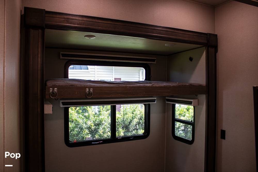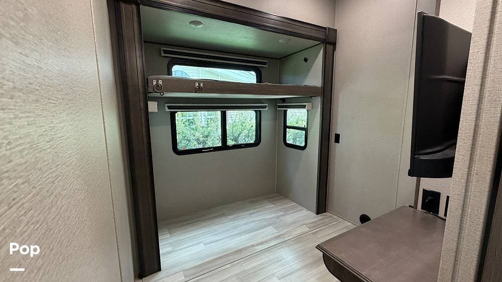 This model is known for its smart floor plan featuring a mid-bunk bonus room that can serve as an extra bedroom, office, or flex space, perfect for families or remote work. It includes a single bunk bed with ladder in the flex room, ideal for kids or extra guests.
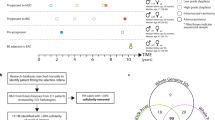 Endoscopic mucosal resection (EMR) is routinely performed in patients with dysplastic BE. In reviewing more than 500 formalin-fixed, paraffin-embedded (FFPE) EMR samples, we identified 14 cases showing unexpected microscopic foci of invasive cancers and one case (patient 1) with an early cancer removed via esophagectomy. All cancers were either intramucosal or T1 and all samples were collected before treatment. Following independent pathologic re-review by two or more pathologists to confirm the diagnoses (“Methods” section), we delineated and performed laser capture microdissection (LCM) to isolate regions corresponding to distinct histopathological states27 (Fig. 1), including non-intestinalized columnar metaplasia (COLME), non-dysplastic BE (NDBE), BE indefinite for dysplasia (IND), BE with low-grade dysplasia (LGD) or high-grade dysplasia (HGD), and intramucosal (IMEAC) or early EAC (Supplementary Fig. 1). We further isolated normal tissue from benign FFPE regions that was used as germline reference.
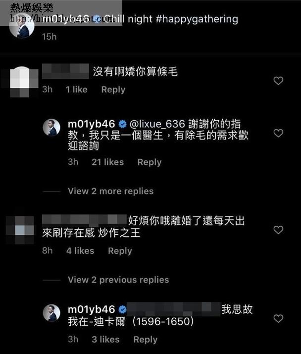 有網友狠批「沒有啊嬌你算條毛」,佢神回覆兼借機宣傳:「謝謝你的指教,我只是一個醫生,有除毛的需求歡迎諮詢」有網民問:「還有心情?」,佢亦回應:「新不了情」當有網民鬧佢:「好煩你哦離婚了還每天出來刷存在感炒作之王」,佢則引用法國哲學家笛卡兒名言:「我思故我在-迪卡爾(1596-1650)」
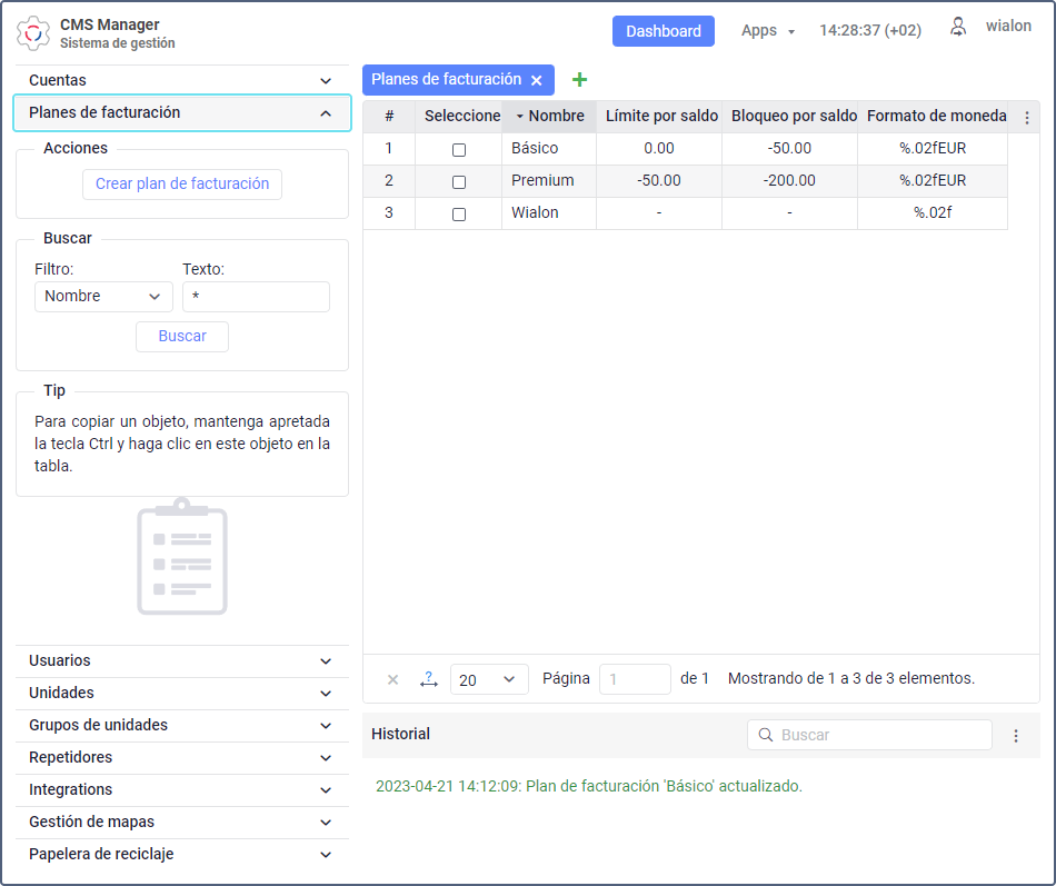Todas las cuentas en el sistema Wialon tienen asignado un plan de facturación. Este sirve para restringir acciones del usuario y tarificar servicios.
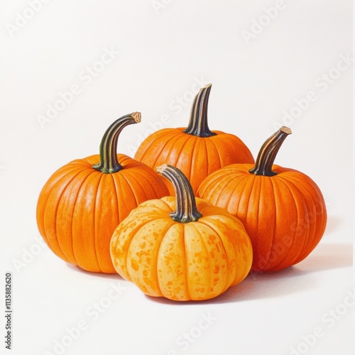 pumpkin, orange, autumn, fall, squash, vegetable, gourd, white background, harvest, still life, food, seasonal, halloween, thanksgiving, fresh, organic, ripe, stem, isolated, group, closeup, produce, bright, vibrant, colours
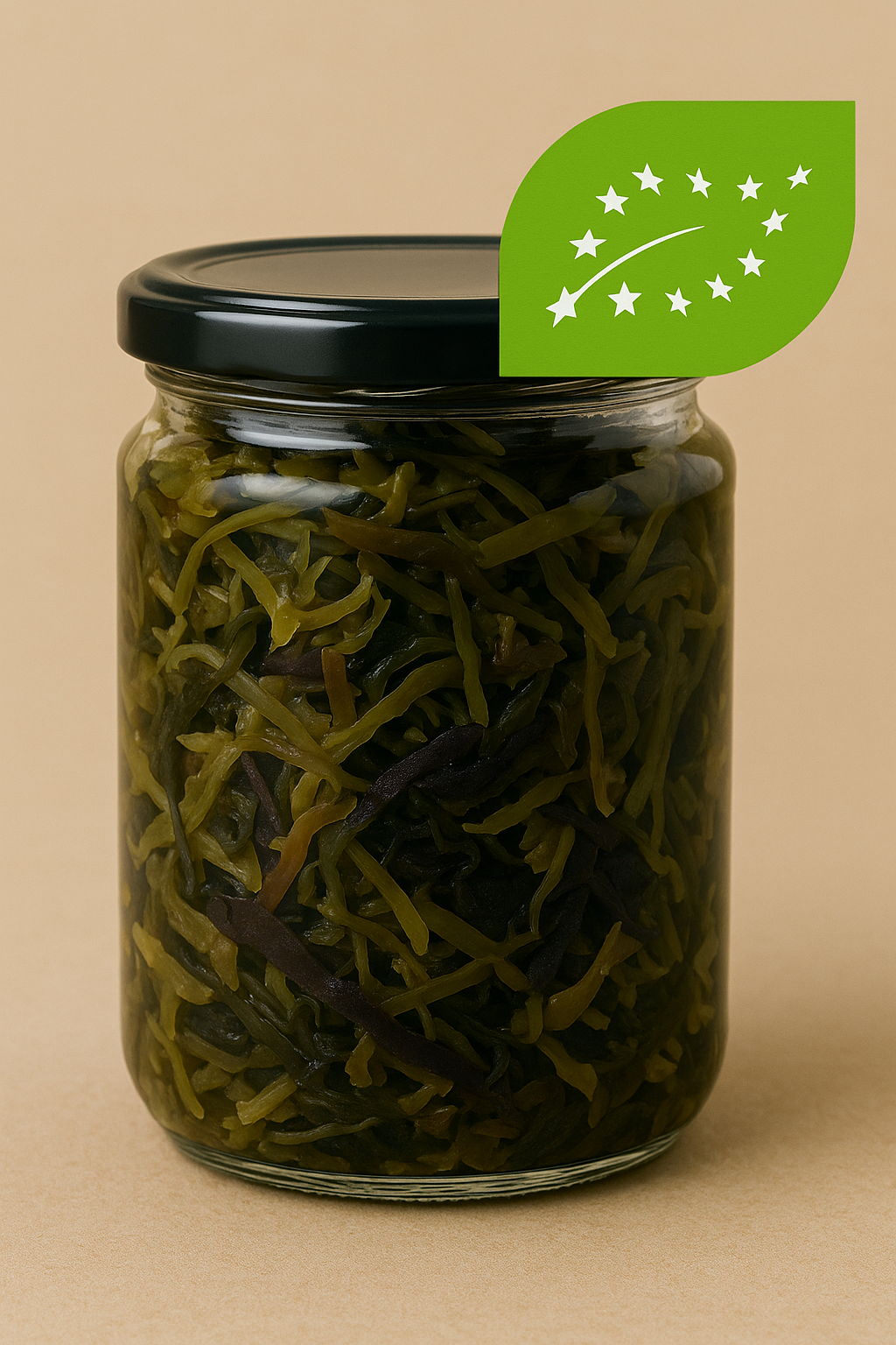 Ensalada de algas ecológica que protege huesos, dientes y la piel, ideal para una dieta saludable.
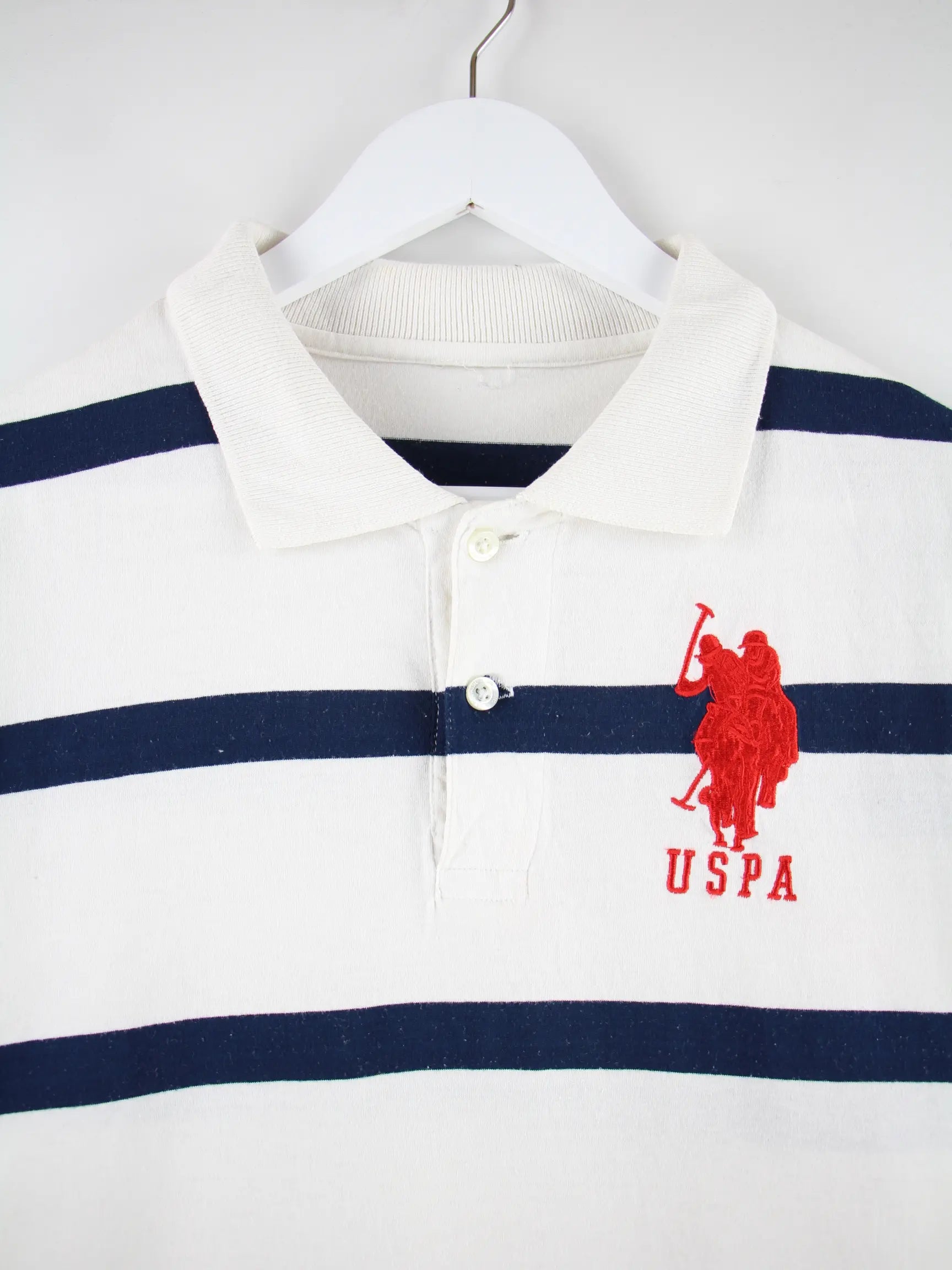 Weißes Poloshirt des Labels U.S. Polo ASSN. in Größe M. Es ist aus Baumwolle angefertigt und in gutem Zustand im Bestand.
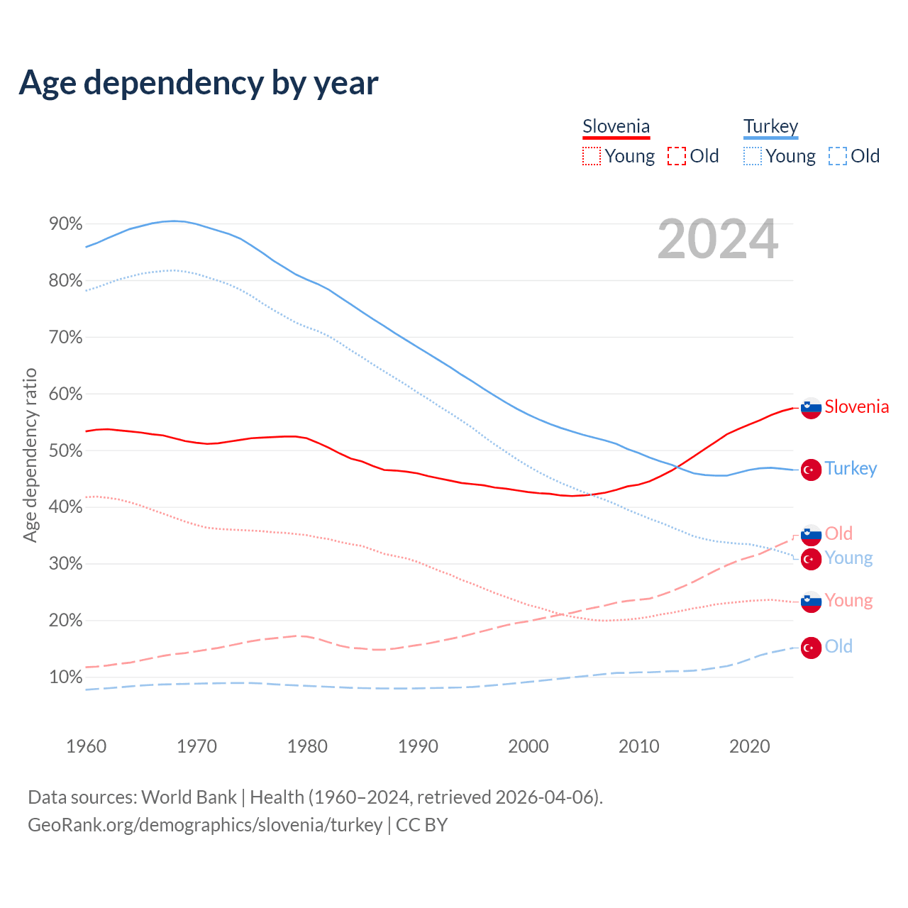 - Slovenia is ranked 14/196 by median age (oldest to youngest) vs 83/196 for Turkey.
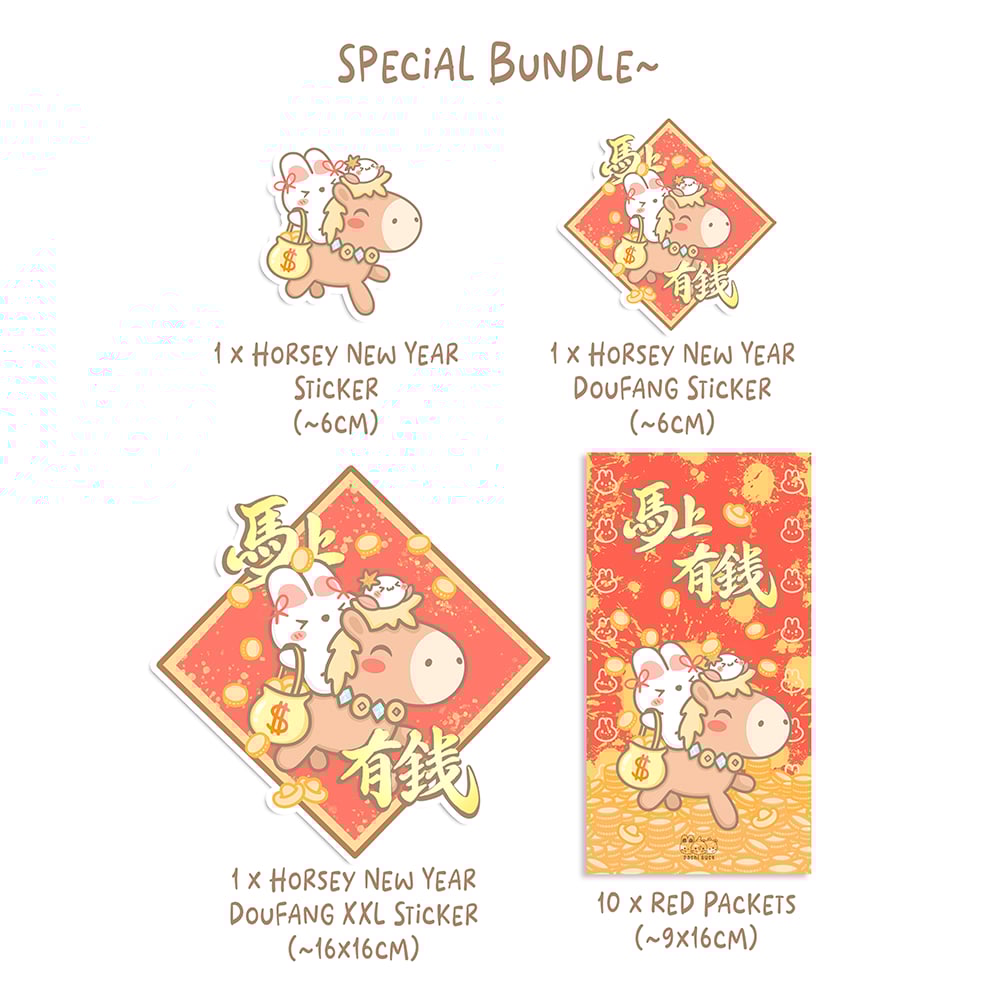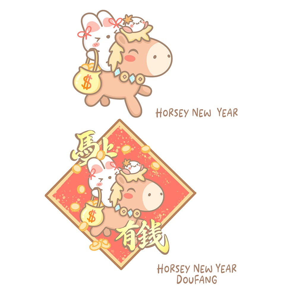 Have a Horsey New Year this lunar new year with Bunbun & Chi on their new friend~ Wishing everyone a prosperous new year!! There is a special bundle that comes with 10 red packets, 2 x normal sized stickers & 1 x xxl sized sticker~ All stickers in this series come with full glitter finishing!! However you can also get them separately, with some red packets bundles in bulk. Each red packet bundle comes with a random sticker too!!
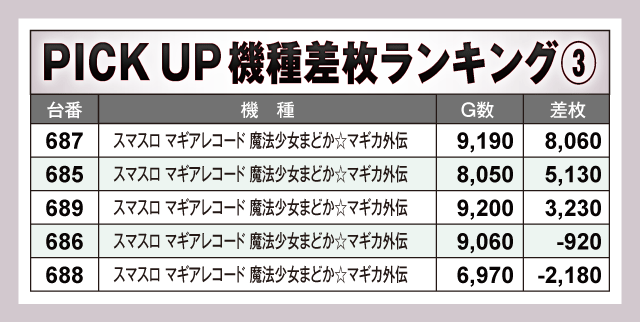 今回のPICK UP機種は全3機種で、ランキング上位に複数の台が入った『スマスロ マギアレコード 魔法少女まどか☆マギカ外伝』以外の『スマスロ北斗の拳』と『マイジャグラーⅤ』からも多数の好調台を確認。最終的に両機種とも半数以上の台がプラス差枚となる見事な結果を残しファンを喜ばせていた。
☆ ☆ ☆
▸ **What the task requires**:
Excluding the pictures, transcribe all of the entries exactly.

▸ **Expected answer**:
 This model is known for its smart floor plan featuring a mid-bunk bonus room that can serve as an extra bedroom, office, or flex space, perfect for families or remote work. It includes a single bunk bed with ladder in the flex room, ideal for kids or extra guests.
 Endoscopic mucosal resection (EMR) is routinely performed in patients with dysplastic BE. In reviewing more than 500 formalin-fixed, paraffin-embedded (FFPE) EMR samples, we identified 14 cases showing unexpected microscopic foci of invasive cancers and one case (patient 1) with an early cancer removed via esophagectomy. All cancers were either intramucosal or T1 and all samples were collected before treatment. Following independent pathologic re-review by two or more pathologists to confirm the diagnoses (“Methods” section), we delineated and performed laser capture microdissection (LCM) to isolate regions corresponding to distinct histopathological states27 (Fig. 1), including non-intestinalized columnar metaplasia (COLME), non-dysplastic BE (NDBE), BE indefinite for dysplasia (IND), BE with low-grade dysplasia (LGD) or high-grade dysplasia (HGD), and intramucosal (IMEAC) or early EAC (Supplementary Fig. 1). We further isolated normal tissue from benign FFPE regions that was used as germline reference.
 有網友狠批「沒有啊嬌你算條毛」,佢神回覆兼借機宣傳:「謝謝你的指教,我只是一個醫生,有除毛的需求歡迎諮詢」有網民問:「還有心情?」,佢亦回應:「新不了情」當有網民鬧佢:「好煩你哦離婚了還每天出來刷存在感炒作之王」,佢則引用法國哲學家笛卡兒名言:「我思故我在-迪卡爾(1596-1650)」
Todas las cuentas en el sistema Wialon tienen asignado un plan de facturación. Este sirve para restringir acciones del usuario y tarificar servicios.
 pumpkin, orange, autumn, fall, squash, vegetable, gourd, white background, harvest, still life, food, seasonal, halloween, thanksgiving, fresh, organic, ripe, stem, isolated, group, closeup, produce, bright, vibrant, colours
 Ensalada de algas ecológica que protege huesos, dientes y la piel, ideal para una dieta saludable.
 Weißes Poloshirt des Labels U.S. Polo ASSN. in Größe M. Es ist aus Baumwolle angefertigt und in gutem Zustand im Bestand.
 - Slovenia is ranked 14/196 by median age (oldest to youngest) vs 83/196 for Turkey.
 Have a Horsey New Year this lunar new year with Bunbun & Chi on their new friend~ Wishing everyone a prosperous new year!! There is a special bundle that comes with 10 red packets, 2 x normal sized stickers & 1 x xxl sized sticker~ All stickers in this series come with full glitter finishing!! However you can also get them separately, with some red packets bundles in bulk. Each red packet bundle comes with a random sticker too!!
 今回のPICK UP機種は全3機種で、ランキング上位に複数の台が入った『スマスロ マギアレコード 魔法少女まどか☆マギカ外伝』以外の『スマスロ北斗の拳』と『マイジャグラーⅤ』からも多数の好調台を確認。最終的に両機種とも半数以上の台がプラス差枚となる見事な結果を残しファンを喜ばせていた。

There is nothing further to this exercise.